Prof. Shen Nan has long been engaged in research on the pathogenesis, molecular diagnosis and targeted therapy of autoimmune diseases represented by SLE. In recent years, he has made significant progress in the study of key pathogenic pathways in SLE through functional genomics, cellular and molecular immunology, and other strategies: 1) he was the first to discover that abnormal activation of the type I interferon pathway is the main molecular phenotype of lupus patients, and on this basis, he established a new biomarker analysis system for the evaluation of lupus clinical subgroup classification and efficacy evaluation; 2) he systematically elaborated the cellular and molecular mechanisms of the damage to lupus immunopathology caused by over-activation of the type I interferon pathway; 3) he has elaborated the genetic and epigenetic mechanisms of the abnormal activation of the interferon pathway in lupus erythematosus; and 4) he elaborated the important regulatory roles of non-coding RNAs in key pathogenic pathways of lupus.
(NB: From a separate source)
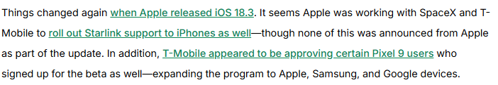 ಆದರೆ, ಒಂದು ಲೈಫ್ ಹ್ಯಾಕರ್ ವರದಿಯ ಪ್ರಕಾರ, ಈ ವೈಶಿಷ್ಟ್ಯವು “ಟಿ-ಮೊಬೈಲ್ ಗ್ರಾಹಕರಿಗೆ ಮಾತ್ರ ಸೀಮಿತವಾಗಿದೆ” ಮತ್ತು ಪ್ರಸ್ತುತ ಬೀಟಾದಲ್ಲಿದ್ದು ತುರ್ತು ಸಂದೇಶ ಕಳುಹಿಸುವಿಕೆ ಮತ್ತು ಸ್ಥಳ ಹಂಚಿಕೆಗೆ ಮಾತ್ರ ಕೇಂದ್ರೀಕೃತವಾಗಿದೆ. “ಐಫೋನ್ಗಳಿಗೂ ಸ್ಟಾರ್ಲಿಂಕ್ ಬೆಂಬಲವನ್ನು ಒದಗಿಸಲು ಆಪಲ್ ಸಂಸ್ಥೆಯು ಸ್ಪೇಸ್X ಮತ್ತು ಟಿ-ಮೊಬೈಲ್ ಜೊತೆ ಕೆಲಸ ಮಾಡುತ್ತಿತ್ತು ಎಂದು ತೋರುತ್ತದೆ – ಆದರೆ ನವೀಕರಣದ ಭಾಗವಾಗಿ ಇದ್ಯಾವುದನ್ನೂ ಆಪಲ್ ಘೋಷಿಸಿಲ್ಲ” ಎಂದು ವರದಿಯು ಸ್ಪಷ್ಟವಾಗಿ ಉಲ್ಲೇಖಿಸುತ್ತದೆ. ಆದ್ದರಿಂದ, ಈ ವೈಶಿಷ್ಟ್ಯವು “ನೇರ” ಅಲ್ಲ, ಅಂದರೆ ಐಫೋನ್ ಹಾರ್ಡ್ವೇರ್ ಟಿ-ಮೊಬೈಲ್ ಇಲ್ಲದೆ ಸ್ಟಾರ್ಲಿಂಕ್ ಉಪಗ್ರಹಗಳಿಗೆ ಸ್ಥಳೀಯವಾಗಿ ಲಿಂಕ್ ಮಾಡುತ್ತದೆ ಎಂದಾಗುತ್ತದೆ. ವರದಿಯ ಒಂದು ಭಾಗವನ್ನು ಕೆಳಗೆ ನೋಡಿ –

Prof. Shen Nan believes that the different stages of development are all important milestones for the rheumatology department at Renji Hospital, Shanghai Jiaotong University School of Medicine, and that each stage has accumulated a wealth of experience and achieved important scientific results. These results provide the basis for precise treatment of lupus erythematosus and are expected to be the basis for drug targets and diagnostic kits in the future. Meanwhile, the Department of Rheumatology hopes to translate the results of cutting-edge scientific research into clinical practice and provide patients with more precise and individualized treatment plans, which is the direction and goal of future efforts.
Through the efforts of generations, Renji Hospital has narrowed the gap with the international advanced study on rheumatology and immunity, and has made great progress in basic research, and will continue to make constant efforts to increase research efforts in translational research.